- **What this task involves**
Copy the first line of the entries below and every line after it through the line containing "Frankrig. 5 Francs". Do not include pictures.

********

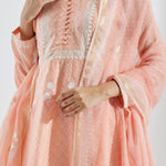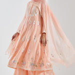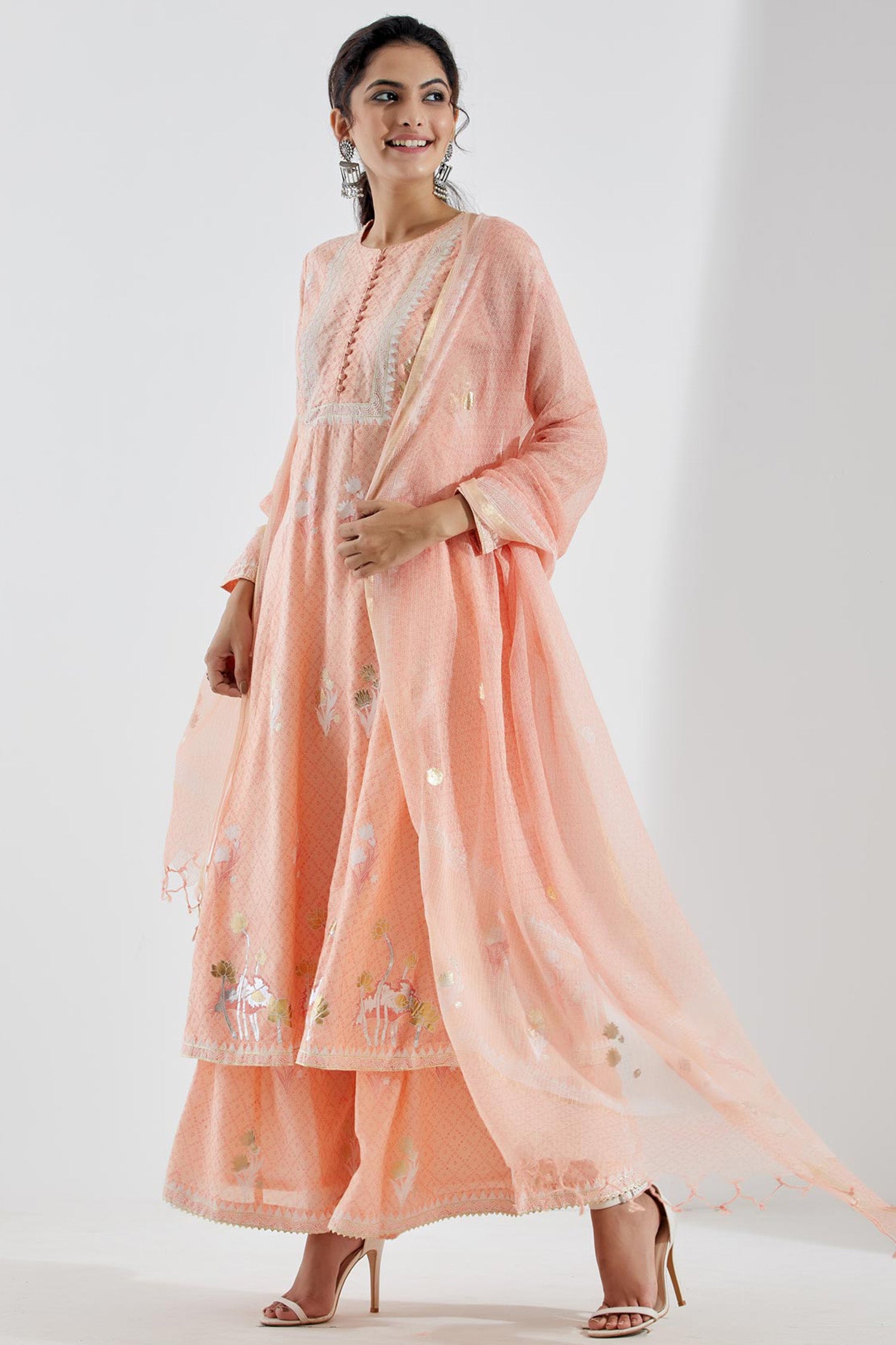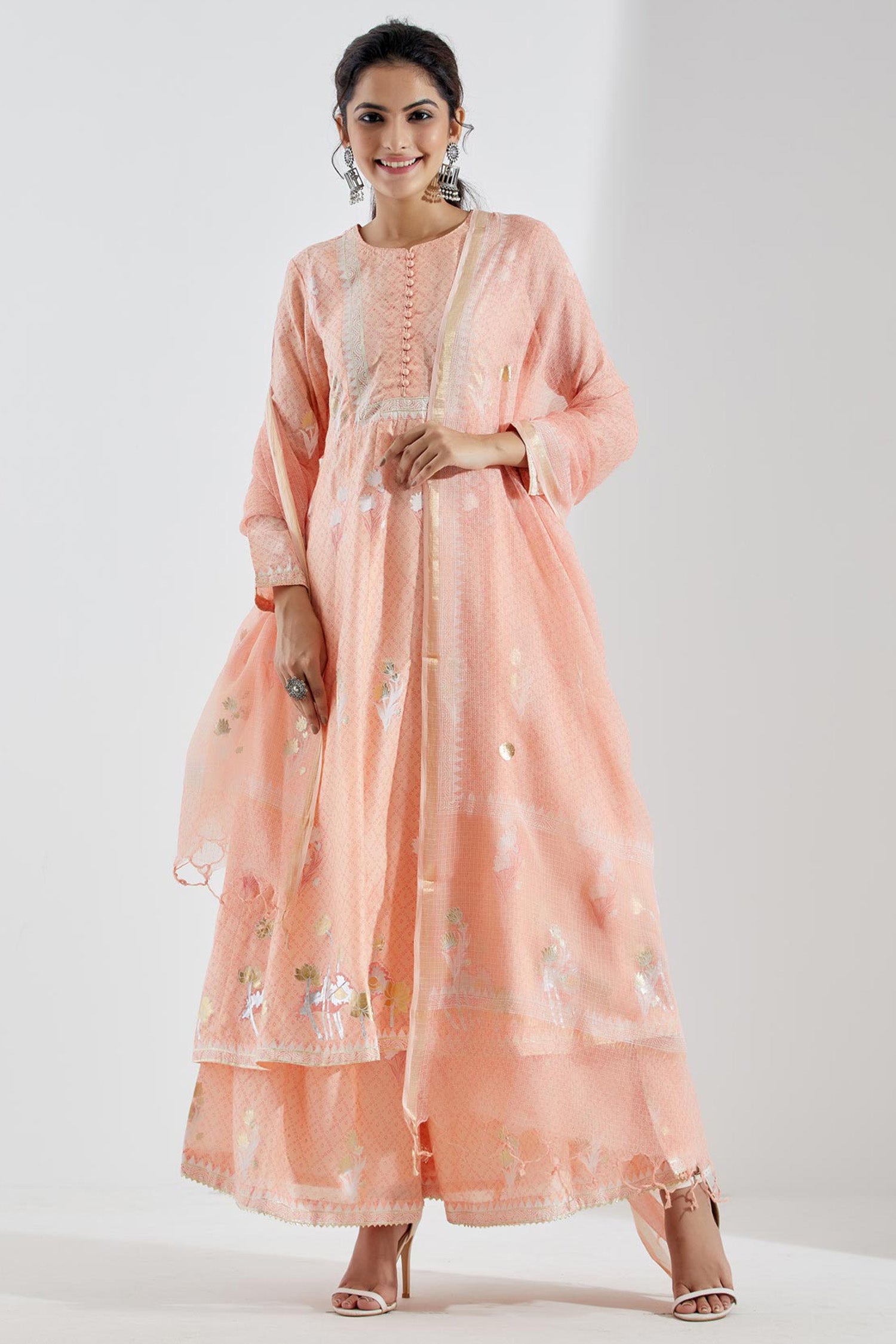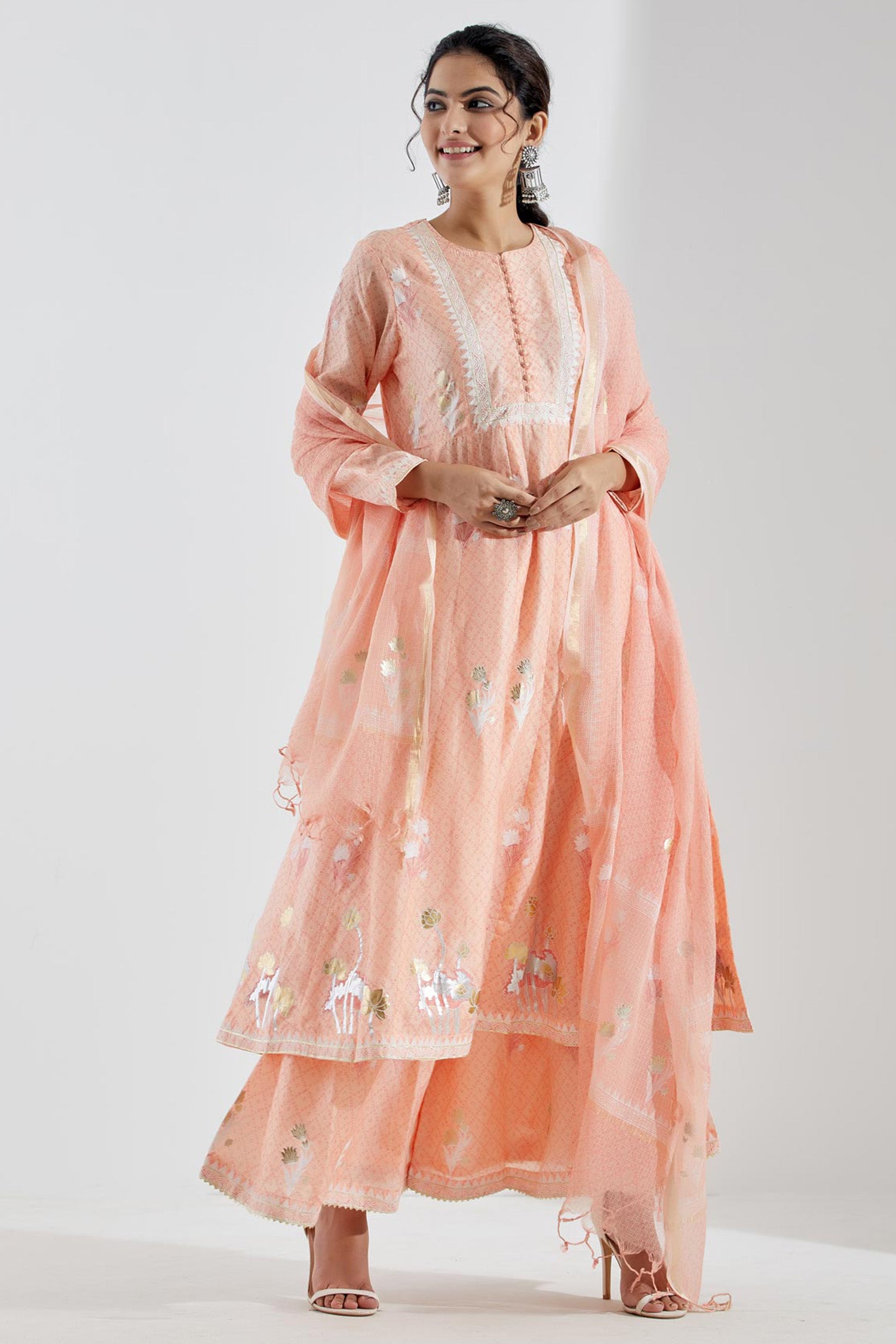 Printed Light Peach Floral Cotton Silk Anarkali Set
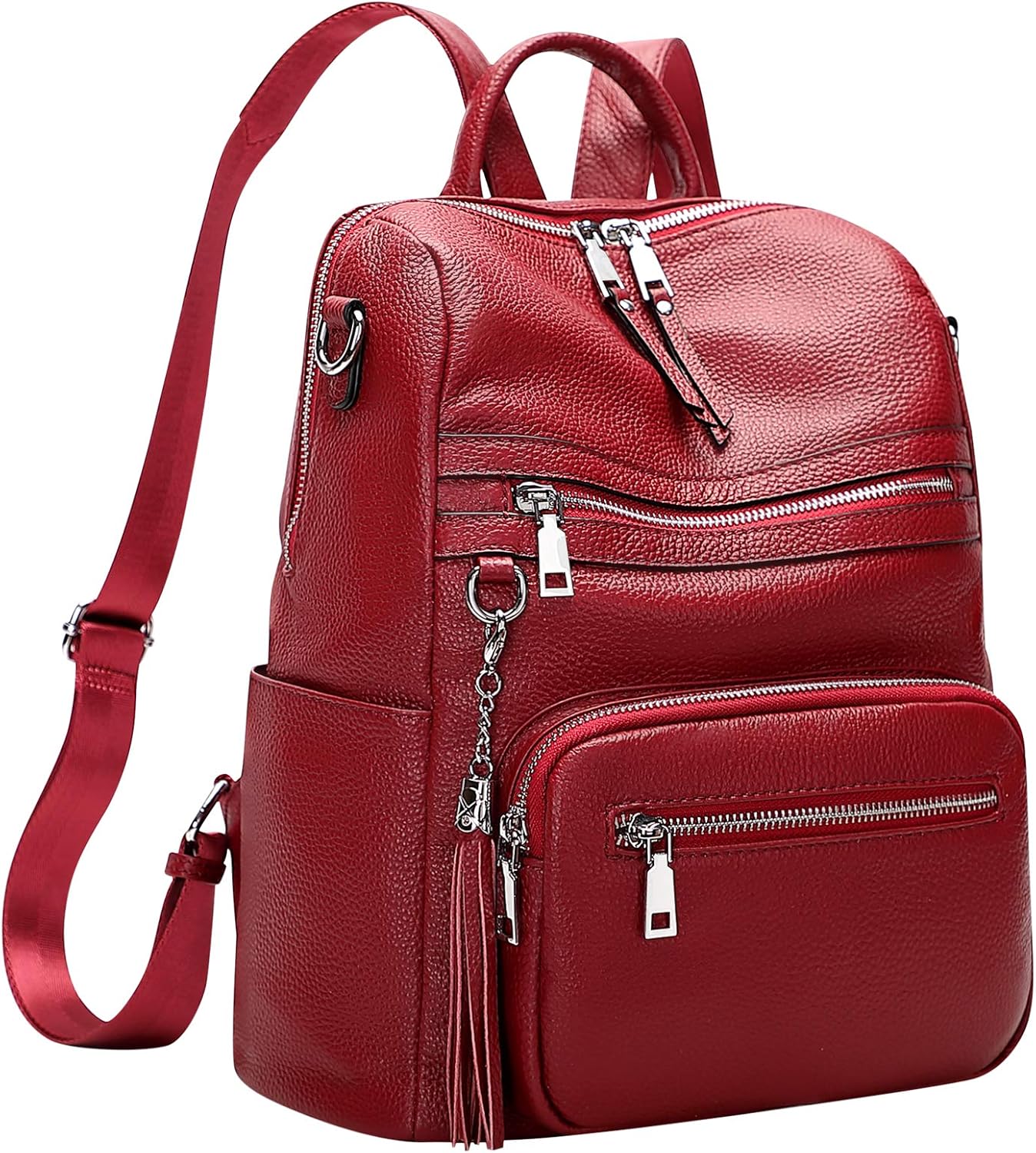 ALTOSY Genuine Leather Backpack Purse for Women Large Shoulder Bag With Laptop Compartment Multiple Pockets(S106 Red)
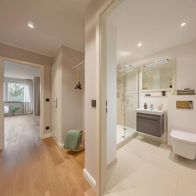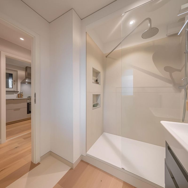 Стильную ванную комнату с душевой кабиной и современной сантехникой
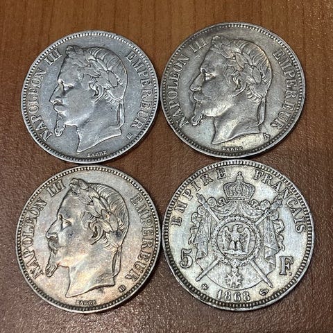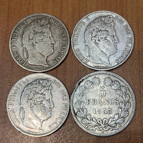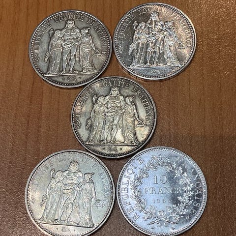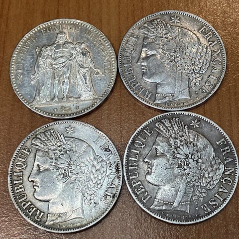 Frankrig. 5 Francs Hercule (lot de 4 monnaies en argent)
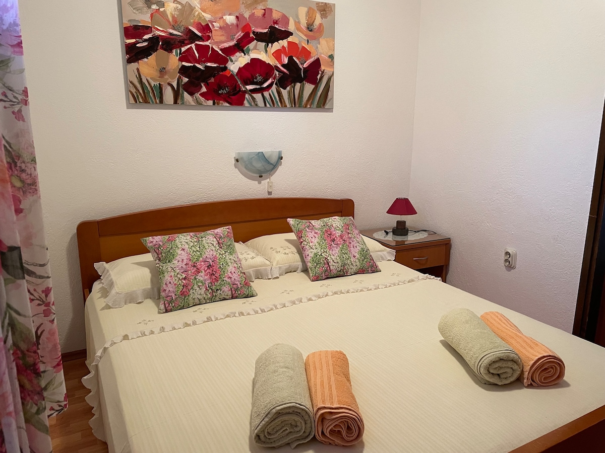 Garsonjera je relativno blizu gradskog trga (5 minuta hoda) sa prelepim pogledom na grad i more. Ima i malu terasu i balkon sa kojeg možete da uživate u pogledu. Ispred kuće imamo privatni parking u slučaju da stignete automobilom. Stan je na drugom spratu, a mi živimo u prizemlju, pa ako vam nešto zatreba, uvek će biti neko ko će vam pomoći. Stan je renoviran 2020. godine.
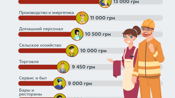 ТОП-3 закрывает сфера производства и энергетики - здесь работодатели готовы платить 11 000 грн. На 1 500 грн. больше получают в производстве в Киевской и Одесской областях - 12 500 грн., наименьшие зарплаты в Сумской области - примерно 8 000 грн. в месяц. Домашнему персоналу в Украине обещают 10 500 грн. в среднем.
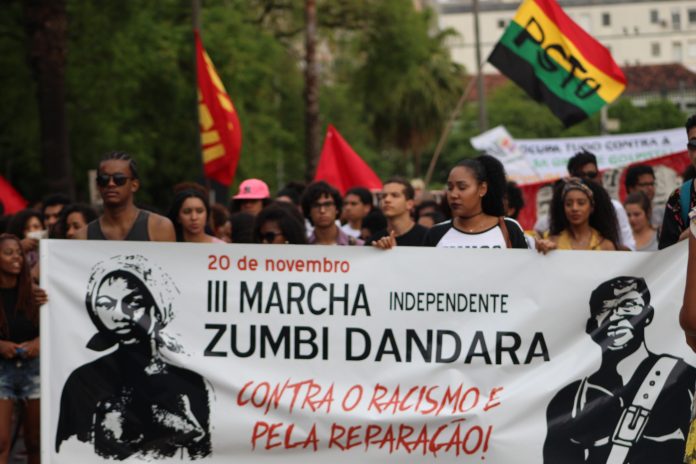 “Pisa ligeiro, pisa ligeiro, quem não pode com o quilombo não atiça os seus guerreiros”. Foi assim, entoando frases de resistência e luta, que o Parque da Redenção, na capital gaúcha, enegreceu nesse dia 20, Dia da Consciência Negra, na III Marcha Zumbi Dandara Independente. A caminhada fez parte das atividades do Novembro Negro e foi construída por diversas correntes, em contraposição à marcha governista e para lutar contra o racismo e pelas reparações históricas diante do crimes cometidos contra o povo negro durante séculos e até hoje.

********

- **Exercise response**
 Printed Light Peach Floral Cotton Silk Anarkali Set
 ALTOSY Genuine Leather Backpack Purse for Women Large Shoulder Bag With Laptop Compartment Multiple Pockets(S106 Red)
 Стильную ванную комнату с душевой кабиной и современной сантехникой
 Frankrig. 5 Francs Hercule (lot de 4 monnaies en argent)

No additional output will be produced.